Башмаков пододвинул к себе красную папку и достал из нагрудного кармана кителя модную трехцветную ручку.
— Сейчас перед вами выступит… — репродуктор сделал уважительную паузу, — начальник областного управления местной промышленности товарищ Иван Порфирьевич Дерябин. Пожалуйста, Иван Порфирьевич, прошу!
Башмаков погрозил ручкой собравшимся радиослушателям, поправил на широком носу очки и приготовился записывать.
— Здравствуйте, товарищи местпромовцы! — прогудел репродуктор приятным басом. — До конца текущего полугодия осталось пять дней, однако дела по выполнению производственных заданий находятся в таком состоянии, что мы вынуждены созвать это совещание. По плану, валовый объем продукции в рублях составляет…
Тут репродуктор заскрежетал, потом кашлянул, затем стал булькать и чмокать, — вероятно, товарищ Дерябин пил воду. Затем, продолжая речь, он назвал цифровые показатели, характеризующие отставание местной промышленности, привел положительные и отрицательные примеры, похвалил передовиков и пожурил отстающих. До Хмелевки он добрался в конце своей почти часовой речи и тут стал говорить заметно строже. Очевидно, не без расчета, для устрашения других подчиненных, хотя для него это было трудно. Товарищ Иван Порфирьевич Дерябин, в отличие от предыдущих руководителей, был добр и только грозил оргвыводами, а сам предпочитал меры поощрения, справедливо полагая, что снимать людей и переставлять с места на место нерационально. Куда лучше добиться стабильной обстановки, при которой люди чувствуют себя уверенно и не причиняют лишних хлопот. Однако в данном конкретном случае он вынужден был отступить от своей тактики поощрений, потому что награждать Башмакова было не за что, комбинат уже несколько лет проваливал планы, к тому же на снятии этого директора настаивали хмелевские руководители Балагуров и Межов. Пищекомбинат это все-таки пищекомбннат, как покормишь, так и работать станут, а у нас Башмаков или недодает продукции, или гонит такую, что никто не берет. Колбаса как резиновая, сосиски сморщенные, невкусные, вареньем только обои клеить… И диагноз: неизлечимый бюрократизм директора, формально-казенное отношение к делу, неумение организовать высокопроизводительную работу комбината.

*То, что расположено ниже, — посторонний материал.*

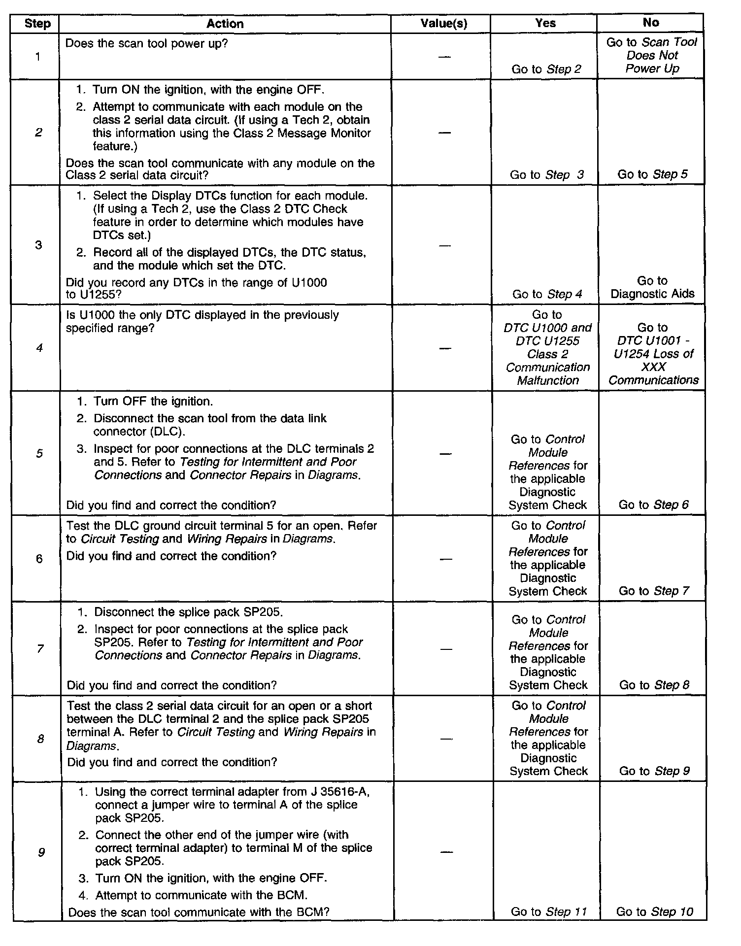 8. An open in the class 2 serial data circuit between the DLC and splice pack SP205 will prevent the scan tool from communicating with and module. This condition will not set a DTC.
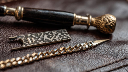 Close-up view of exquisite writing instruments and decorative elements resting on a rich leather surface, showcasing elegance and craftsmanship in design.
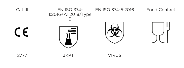 | Normalização | EN ISO 374-1:2016+A1:2018/Type B JKPT |
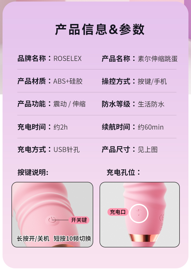 ROSELEX劳乐斯素尔伸缩跳蛋小程序新款强振入体自慰调情情侣互动规格:82个/箱
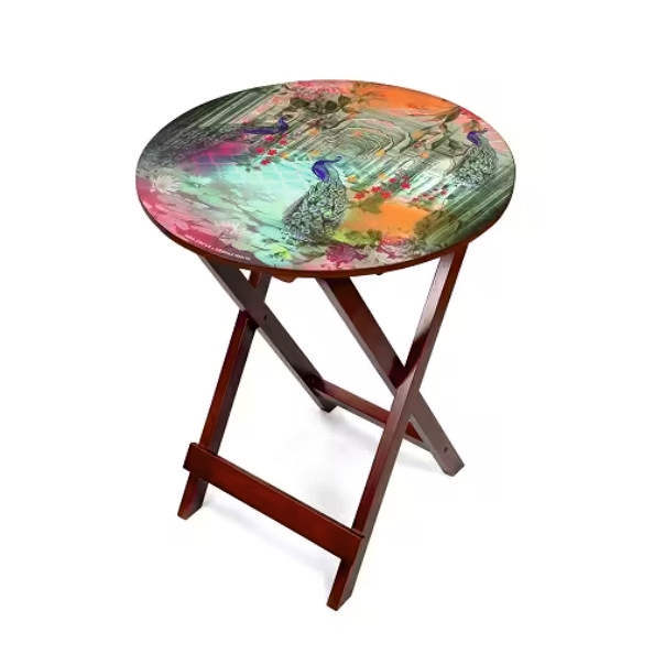 โต๊ะกลมไม้มะม่วงพร้อมพิมพ์ดิจิตอลด้านบนเคลือบมันวาว

Дерябин вынужден был согласиться. Хотя, по доброте своей, сомневался, считал Башмакова исполнительным работником. А если бы сейчас видел, как тот благоговейно слушает его голос и старательно записывает красными чернилами его организующие и направляющие мысли, возможно, не решился бы на высшую меру административного наказания. Но в эти роковые минуты товарищ Иван Порфирьевич Дерябин не видел своего подчиненного. И говорил следующее:
— …развивать производство на основе механизации, интенсификации, кооперации, интеграции и научной организации труда. К тому же руководить надо коллективно, опираясь на творческое содружество трудящихся масс. А как обстоит дело в пищекомбинате Хмелевского района? Плохо, товарищи. По старинке работают, примитивно, не учитывая требований современности…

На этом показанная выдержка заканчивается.